Горячность — она всегда вредит. Но у кого-то с молодостью она проходит, а у кого — сидит в крови, как у нас, поляков. Вот и друг драгоценнейший — Грибоедов — на Кавказ, а затем в Персию не по своей воле попал, а по горячности. Принял участие в дуэли — секундантом, правда, ну да добром дело все равно не кончилось. На Кавказе, куда пришлось уехать — почти в ссылку, он встретился со вторым секундантом, Якубовичем. Они дрались, и Якубович искалечил Александру Сергеевичу руку. Но Грибоедов, благородная душа, его простил.
А ведь был случай, когда и мы с другом-Рылеевым к барьеру встали. Вот что горячность-то делает! Кондратий Федорович очень молодцеват был, никому усмешки не спускал, а я по несдержанности глупой эпиграмму на его стихи сочинил, да еще напечатать обещал. Вот и дошло дело до пистолетов, да на шести шагах. В последний момент я сказать успел: «Кондратий! На войне мы себя испытали — нечего тут ребячиться. Представь: пройдет пять, десять лет. Эпиграмму эту ты забудешь, а то, что друга своего убил — не забудешь никогда. Я в тебя стрелять не стану так и знай», — и выстрелил вверх. Рылеев дернулся, словно кто его кнутом огрел, вскинул руку с пистолью, потом бросил и обнял меня. Но даже после этой истории Кондратий как-то в запале обещал мне на подшивке «Северной Пчелы» голову отрубить. Странно — про дуэль я почти забыл, а эту фразу с «Пчелой» часто припоминаю. Кто знает, что было, коли мятеж бы удался! Ну, да об этом думано-передумано… А через пять лет после дуэли несостоявшейся, в роковом 1825-ом, я Кондратию Федоровичу пригодился — последнюю службу сослужить взялся. С тех пор и несу потаенно.

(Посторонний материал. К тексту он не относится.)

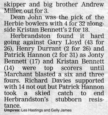 Miller played a number of classy shots alongside Phil Sutton and the score progressed to 50 off 12. The demise of Sutton saw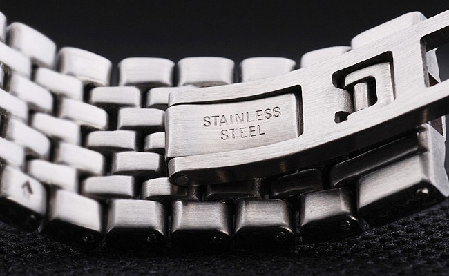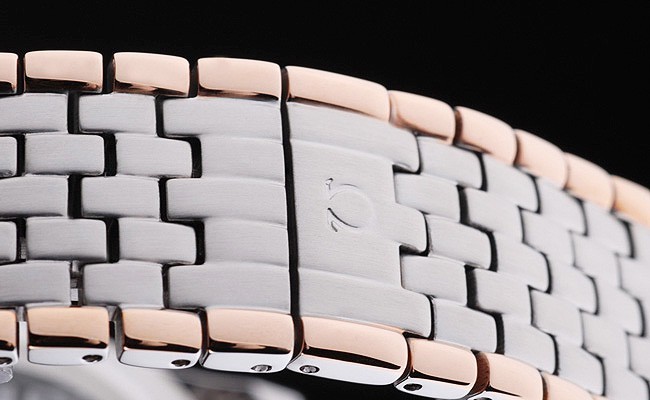 Crown: Polished stainless steel cutwork crown with Omega logo

Это потрудней будет, чем лоб под пулю подставлять. Даже отчаянный трус три минуты под дулом выстоит, а вот попробуй, как я — годами стоять. Такую закалку только на войне, в походах получить можно, когда бесконечные маневры и переходы изматывают до последней степени, когда на бивуаке, в поле, вместо подушки кладешь голову на тело поверженного врага! Вот от этого и научаешься терпеть, не обращать внимания на житейские неудобства и даже тиранство. А воевать мне пришлось с 17 лет.
Из памяти вдруг всплыло почти забытое, зря я вспомнил про «подушку»…
1807 год, окраина деревушки под Гейльсбергом. Лошадь подо мной убита, я прячусь от колонны французских драгун позади крестьянского дома, за дровами, выложенными стеною. В руках у меня единственное оружие — подобранная лейб-казачья пика. Выглядываю из укрытия и вижу отставшего от колонны драгуна, остановившегося подтянуть подпругу. Я бросаюсь на него с пикой, он замечает, вскакивает в седло и направляет свою лошадь на меня. Всадник все ближе, он вырастает до невероятного размера. Здоровенный француз уже перегнулся из седла для удара, но я успеваю чуть раньше ткнуть его пикой в бок. От тяжести живого, судорожно дергающегося тела, руки мгновенно немеют, в ушах звенит. И одновременно животный жар бьет в голову — я жив! Огромный драгун сваливается с лошади и волочится, застряв ногой в стремени. Он ворочается, в его боку торчит моя пика, кровь льется толчками и сворачивается на дороге в пыльные шарики. Я снова берусь за древко, упершись ногой в бедро убитого Голиафа. Лезвие выходит с трудом, вытягивая наружу кусок розовых внутренностей… Я снова собираюсь в атаку — на лошади убитого и с этой отвратительной кровавой пикой наперевес…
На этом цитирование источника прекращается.